診断には「痛み日記」 痛みが出るパターンを知る

 天気痛の症状は、我慢できる程度の人もいれば、家事や仕事が手につかないほどの症状に悩まされる人もいます。体調変化に対する不安や恐怖心など、心理的な要素が強く関わり悪化を招くのもこの病気の特徴です。いつ痛みが襲ってくるか分からないから友人との旅行も約束できない、台風が来るという予報を見るだけで体調が悪くなるという人もいます。
 佐藤先生が天気痛の診断と治療に最も有力なツールだと言うのが「痛み日記」です。痛み日記には、その日の天気、気圧の変化、痛みの強さ、薬の服用やその日の行動、症状や症状が出たタイミング、運動の有無、睡眠の具合を記します。1カ月ほど続けると、体調と天気がどう連動しているかが分かります。
 画像診断などで他の重篤な病気でないことを確認したら、治療に入ります。「痛み日記」で天気痛が出るパターンやタイミングが予測できるので、気圧の変化に応じて一番効果的なタイミングで事前に薬を飲み、痛みや不調を防ぎます。
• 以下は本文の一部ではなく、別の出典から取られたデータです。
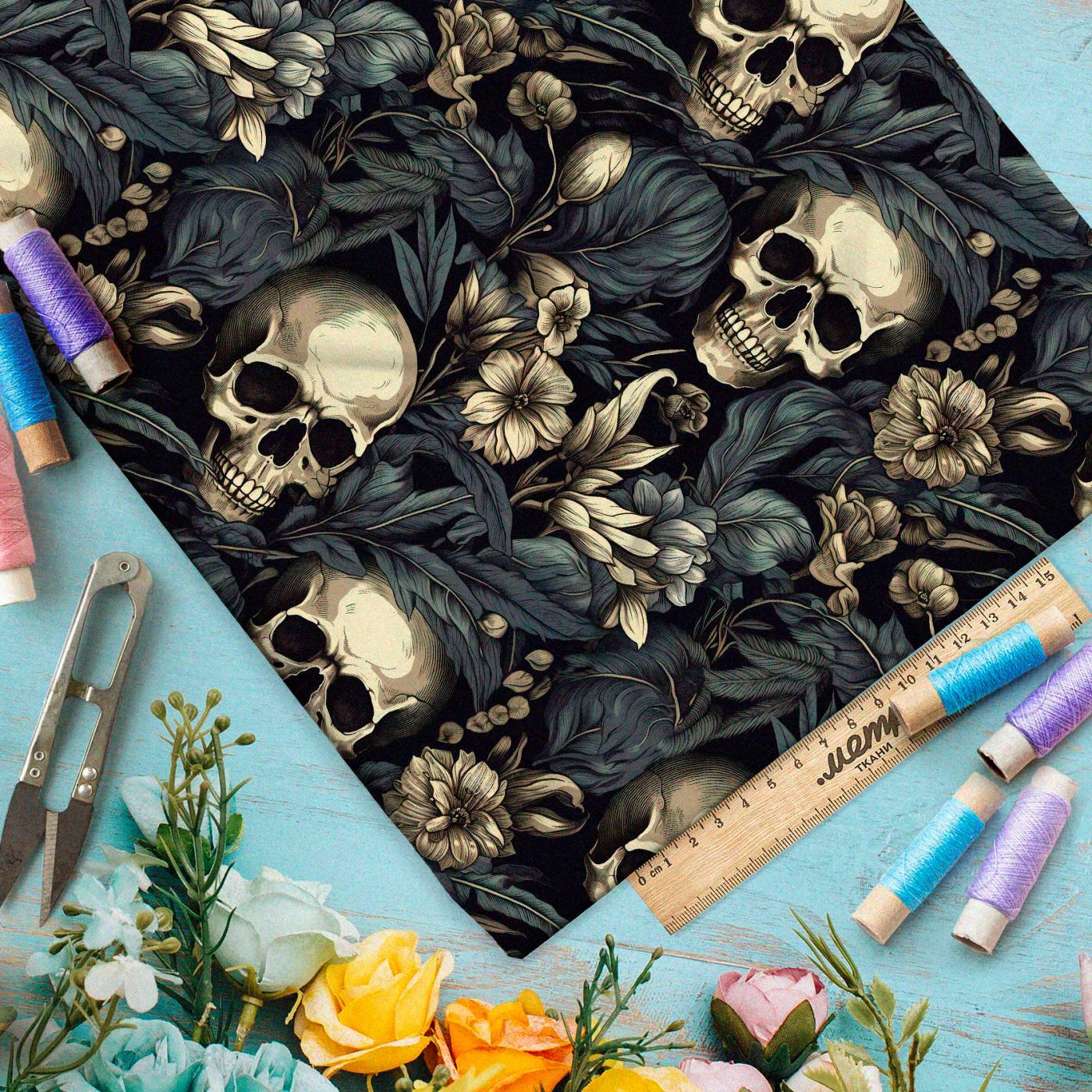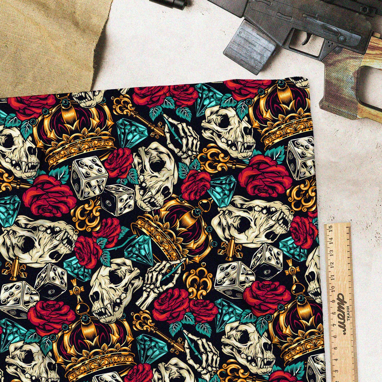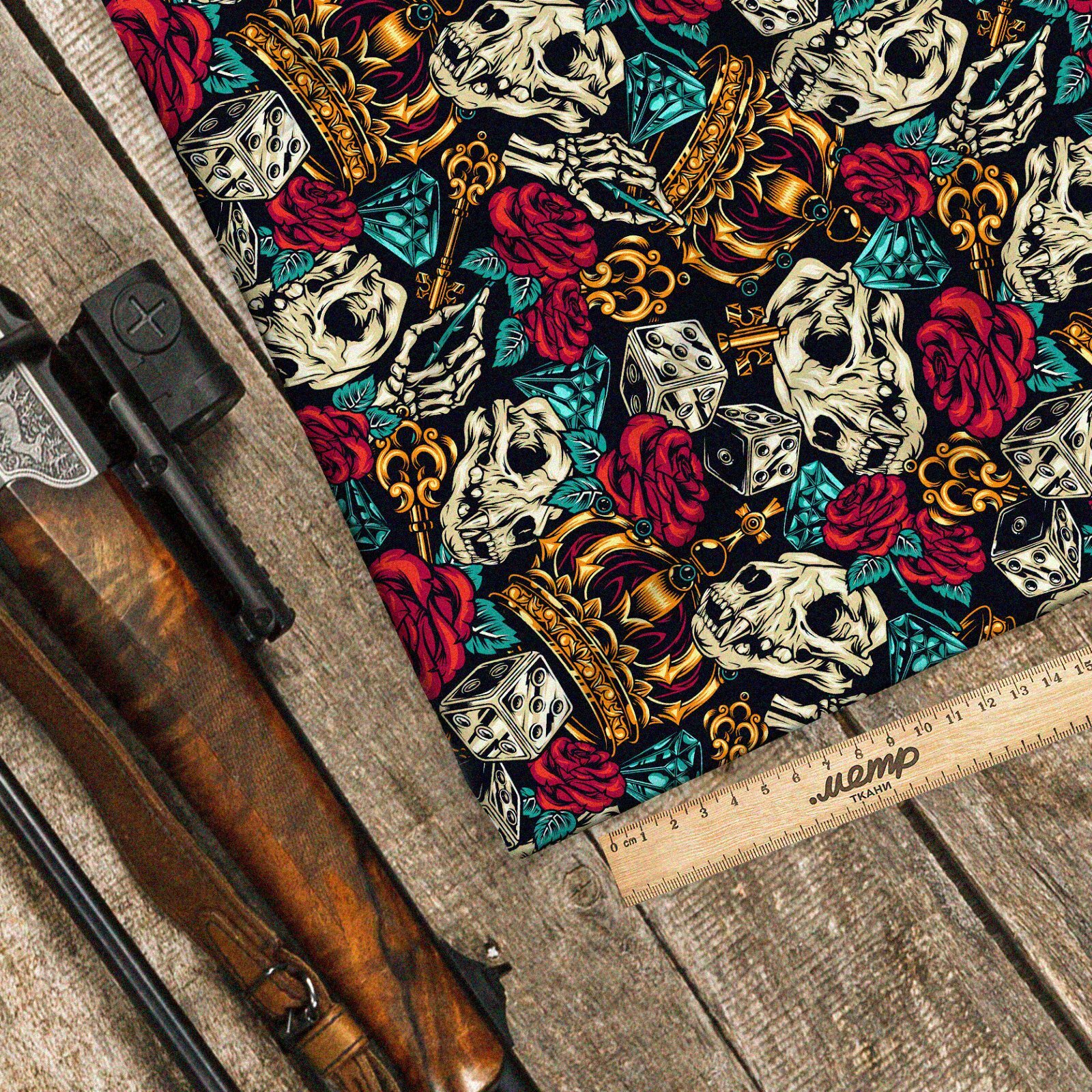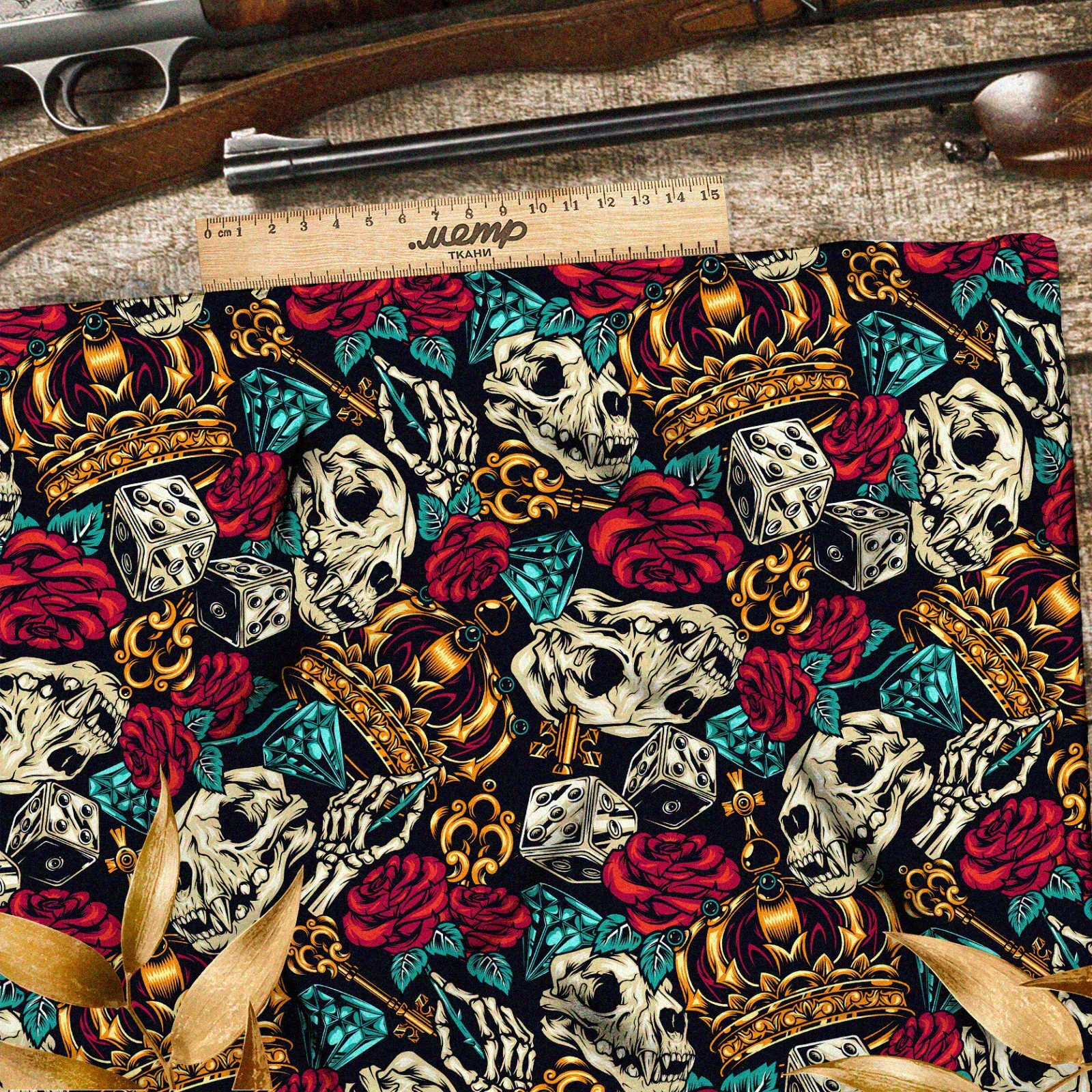 Ткань бифлекс кости, розы, бриллианты и короны на чёрном фоне

 「天気痛に効果があるのは、抗めまい薬や漢方薬など。その人にどの薬が合うかを試しながら使っていきます。漢方薬の代表は五苓散など、内耳の血液循環を良くするものです。気圧への過剰な反応を抑える効果があります。乗り物酔い止めの市販薬も効果があります。薬のほかに、自律神経を整えるための規則正しい生活や十分な睡眠、適度な運動も大切です」(佐藤先生)。

天気痛予報で事前に対処 介護の場面でも活用を

 天気痛治療で肝心なのは、症状が出る前に対処できるようにすることです。それにより、「天気が悪くなっても大丈夫」と思えるようになり、それも軽快の大きな要因になります。
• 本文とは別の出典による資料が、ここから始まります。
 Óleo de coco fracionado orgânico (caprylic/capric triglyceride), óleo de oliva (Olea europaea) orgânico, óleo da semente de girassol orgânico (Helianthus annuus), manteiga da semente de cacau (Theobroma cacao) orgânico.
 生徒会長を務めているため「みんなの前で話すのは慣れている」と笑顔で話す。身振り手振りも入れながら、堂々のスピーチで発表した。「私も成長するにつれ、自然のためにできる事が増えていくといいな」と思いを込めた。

 佐藤先生は、気象情報会社と連携して「全国の天気痛予報」(https://weathernews.jp/s/pain/)を毎日発信しています。全国の地域毎に気圧の変化などから天気痛の発症リスクを「安心」「やや注意」「注意」「警戒」の4段階で示します。薬を飲むタイミングや、旅行などでの対処にも活用できます。
 天気痛は、介護を受けている人の体調や認知機能に影響することも少なくありません。天気痛による体調の不良で介護がしづらくなることもあります。佐藤先生は「天気痛予報を、ご自身の体調の管理だけでなく、介護の場面の対処にも活かしてほしい」と話しています。